#### WORK ITEM
In the material below, the lines between the one holding "Pour créer un" and the one holding "The Fornasetti cabinet", inclusive, are to be set down word for word. Pictures stay out.
[RECORDS FOR THE TASK — start]
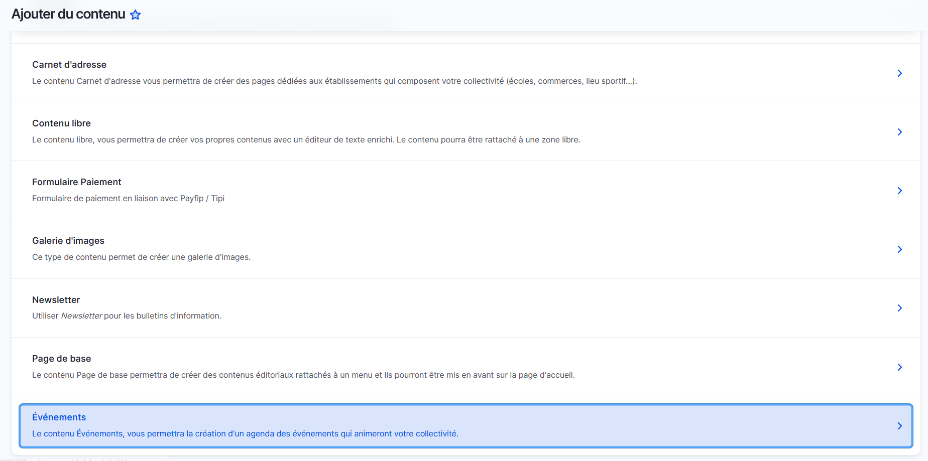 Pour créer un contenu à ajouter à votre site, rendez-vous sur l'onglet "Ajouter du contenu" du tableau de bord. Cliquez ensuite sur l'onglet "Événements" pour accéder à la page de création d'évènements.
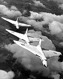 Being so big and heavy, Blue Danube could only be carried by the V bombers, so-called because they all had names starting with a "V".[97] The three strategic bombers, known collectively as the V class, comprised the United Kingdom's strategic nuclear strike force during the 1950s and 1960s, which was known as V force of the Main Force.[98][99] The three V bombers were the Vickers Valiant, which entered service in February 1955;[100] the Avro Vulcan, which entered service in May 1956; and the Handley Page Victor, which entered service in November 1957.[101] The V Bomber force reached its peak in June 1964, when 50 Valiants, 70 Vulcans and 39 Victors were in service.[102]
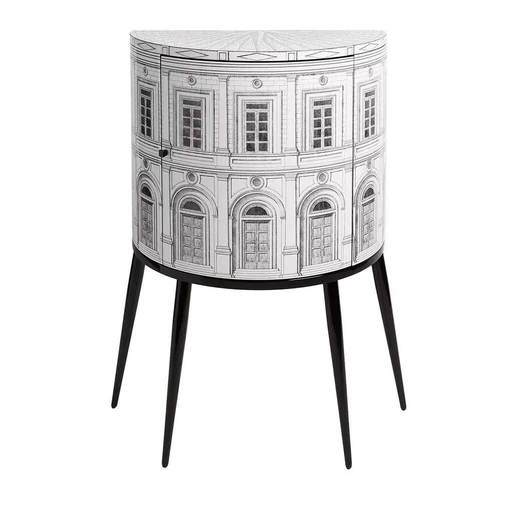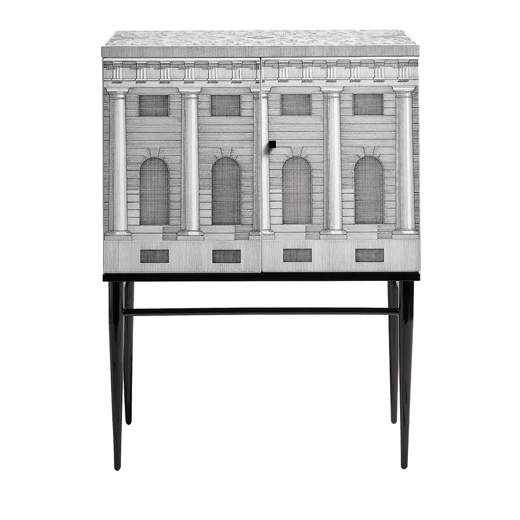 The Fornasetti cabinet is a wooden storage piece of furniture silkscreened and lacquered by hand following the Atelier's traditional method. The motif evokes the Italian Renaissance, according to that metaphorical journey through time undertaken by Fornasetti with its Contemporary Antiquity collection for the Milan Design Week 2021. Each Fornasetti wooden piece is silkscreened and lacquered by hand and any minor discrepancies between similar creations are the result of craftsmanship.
[RECORDS FOR THE TASK — finish]
[RECORDS FOR THE TASK — start]
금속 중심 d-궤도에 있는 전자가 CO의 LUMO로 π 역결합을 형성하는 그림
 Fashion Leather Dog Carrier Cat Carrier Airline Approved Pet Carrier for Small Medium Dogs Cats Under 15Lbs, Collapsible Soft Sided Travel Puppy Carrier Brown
[RECORDS FOR THE TASK — finish]
#### ANSWER
 Pour créer un contenu à ajouter à votre site, rendez-vous sur l'onglet "Ajouter du contenu" du tableau de bord. Cliquez ensuite sur l'onglet "Événements" pour accéder à la page de création d'évènements.
 Being so big and heavy, Blue Danube could only be carried by the V bombers, so-called because they all had names starting with a "V".[97] The three strategic bombers, known collectively as the V class, comprised the United Kingdom's strategic nuclear strike force during the 1950s and 1960s, which was known as V force of the Main Force.[98][99] The three V bombers were the Vickers Valiant, which entered service in February 1955;[100] the Avro Vulcan, which entered service in May 1956; and the Handley Page Victor, which entered service in November 1957.[101] The V Bomber force reached its peak in June 1964, when 50 Valiants, 70 Vulcans and 39 Victors were in service.[102]
 The Fornasetti cabinet is a wooden storage piece of furniture silkscreened and lacquered by hand following the Atelier's traditional method. The motif evokes the Italian Renaissance, according to that metaphorical journey through time undertaken by Fornasetti with its Contemporary Antiquity collection for the Milan Design Week 2021. Each Fornasetti wooden piece is silkscreened and lacquered by hand and any minor discrepancies between similar creations are the result of craftsmanship.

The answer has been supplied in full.